I know this is an older video but I just wanted to say how much (through all your videos that I've seen) your outlook helps me. I have those bad days where I wonder if life is worth living. I know it is because I have a wonderful family and I'm here for a reason. I hope to have a better outlook on life and you're encouraging me to do that. :)

I take Tramadol 3 times daily. I take it for chronic back pain after back surgery. It is such a blessing. It's been 7 years and is still working . Good for you for finding the Dr. Who prescribe it for you.

I wish I would have known about it when I was that age. I have JRA and never met anyone with it. It made my teen years lonely

Ive taken Tramadol, max dose ,everyday for many years now for fibromyalgia. It doesnt eliminate the pain, but helps me cope.

You are so gorgeous! I am trying to watch your videos to see what your illness is, I can’t even imagine what you go through just by watching your “day in the life”. You are truly amazing. I am also a youtuber and you INSPIRE ME!!
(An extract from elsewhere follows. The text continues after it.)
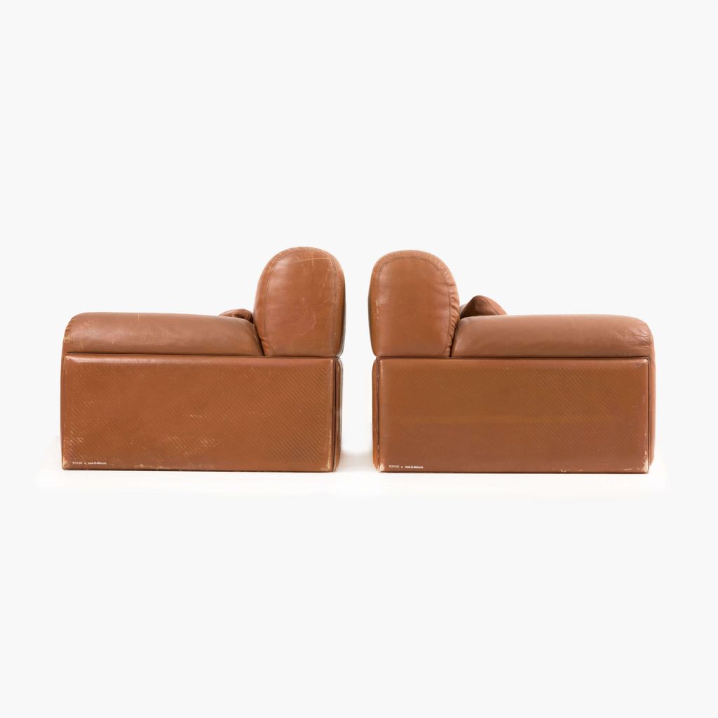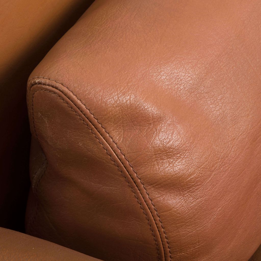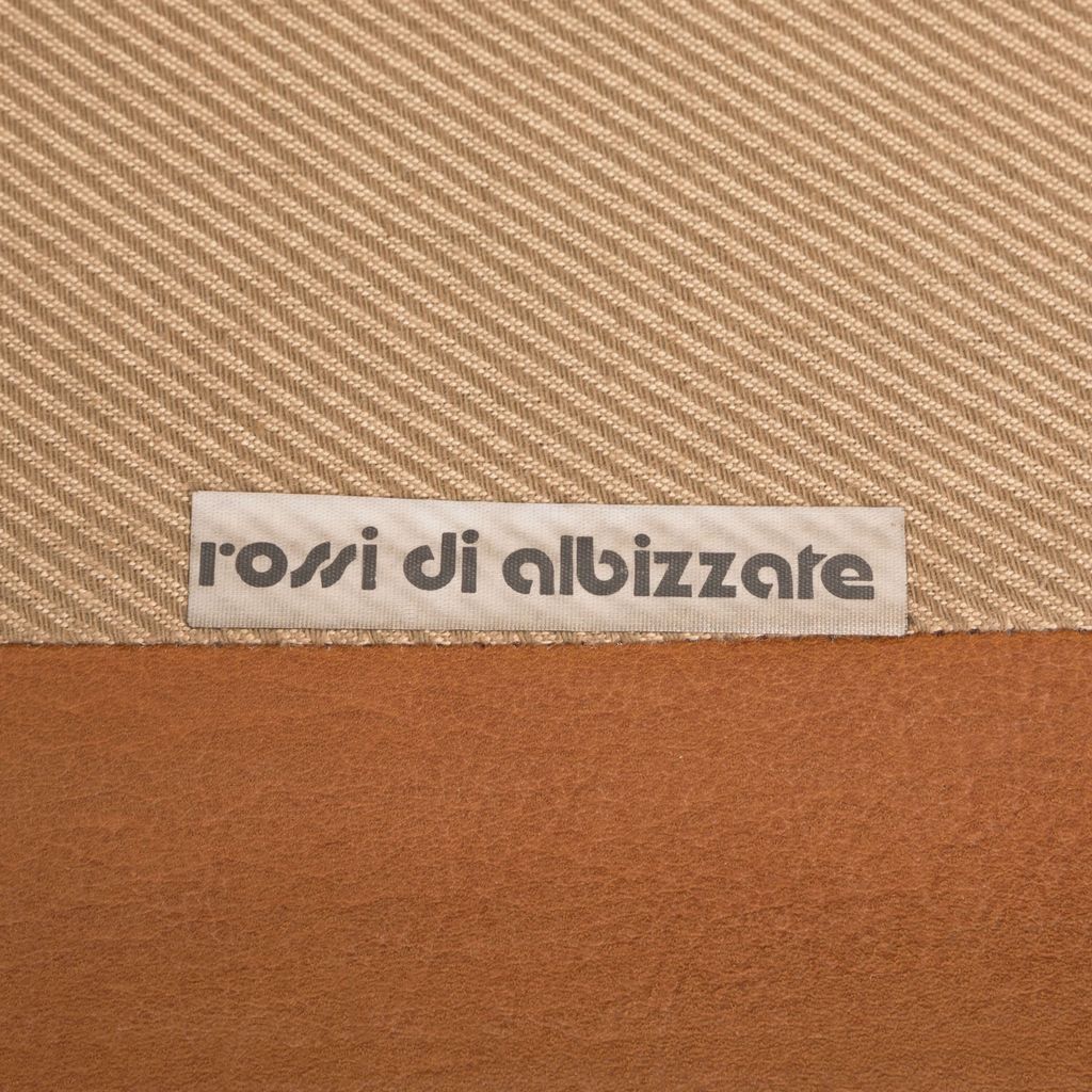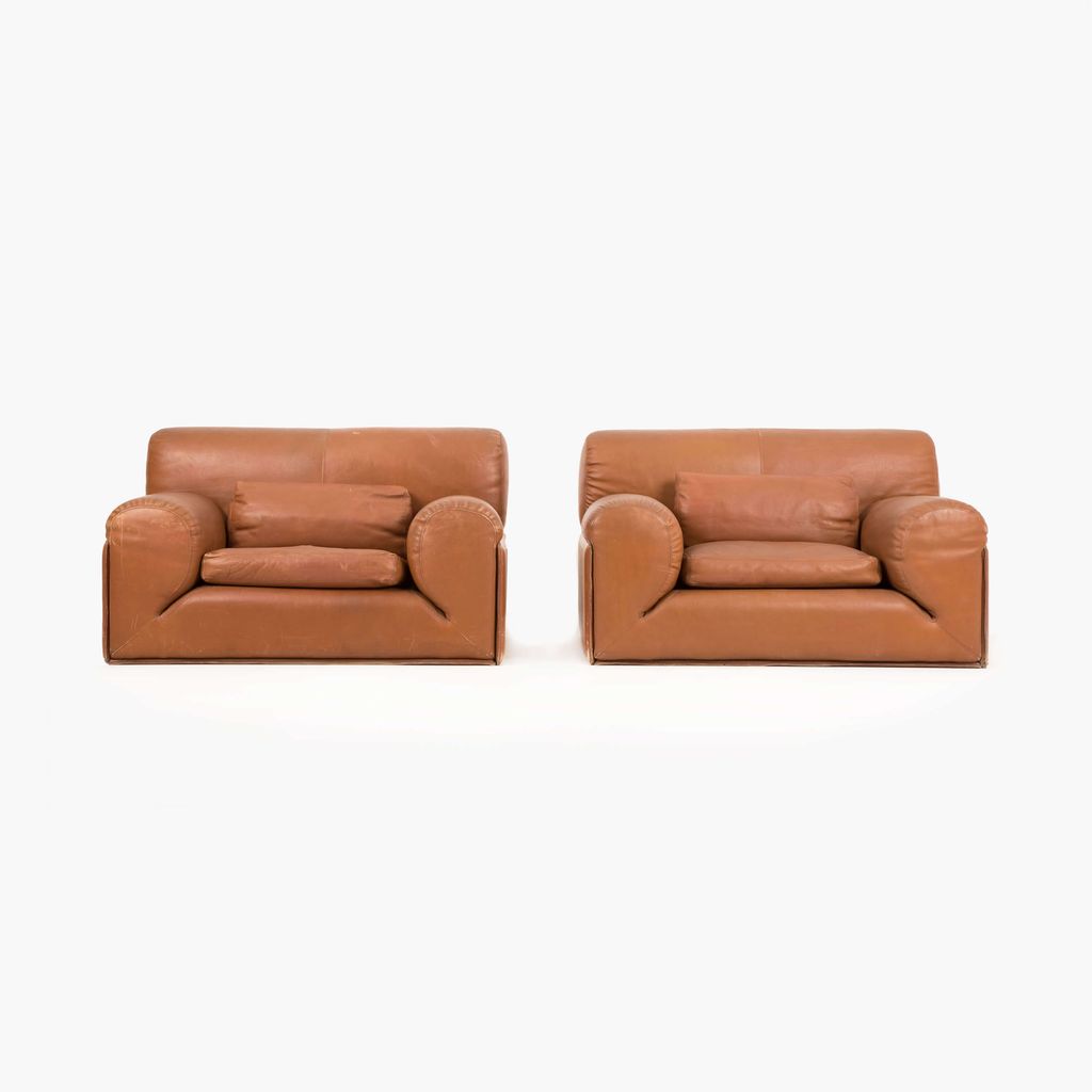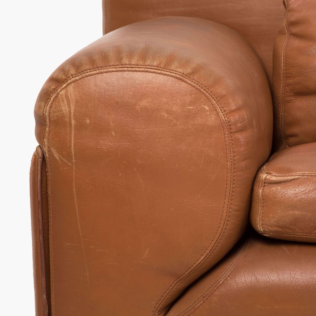 This pair of Touche Leather Armchairs was designed by Giuseppe Rossi for Rossi di Albizzate - one of the most well regarded Italian furniture producers, known for high end contemporary design. The soft, clean lines and well-padded cushions offer luxurious comfort, in original vintage leather upholstery with natural patina and beautiful signs of aging representing the passing of time.

I was on tramadol for 7 years at the beginning it worked great then eventually I had to take just to not get widthdraw symptoms from the tramadol, and had to replace with a medicine to help with widthdraw from tramadol it was horrible for me but I am cheering you on girl!! The tramadol gives you energy to it least it did me, but if I didn't take my tramadol my body would go into width draw so just be careful girlie!! Good luck and I love your channel!!

Have fun at camp!

Love hydrotherapy!!!!!!! Gabepentin is a hit or miss, but I have heard of good things. I know two very close people to me that use it and it works well for them.

Glad to hear your pain is better! Even some improvement is amazing! I hope it only gets better from here! I know for me, I have fibromyalgia, and any time I get to try something new and it improves my life, even a little, it's such a blessing!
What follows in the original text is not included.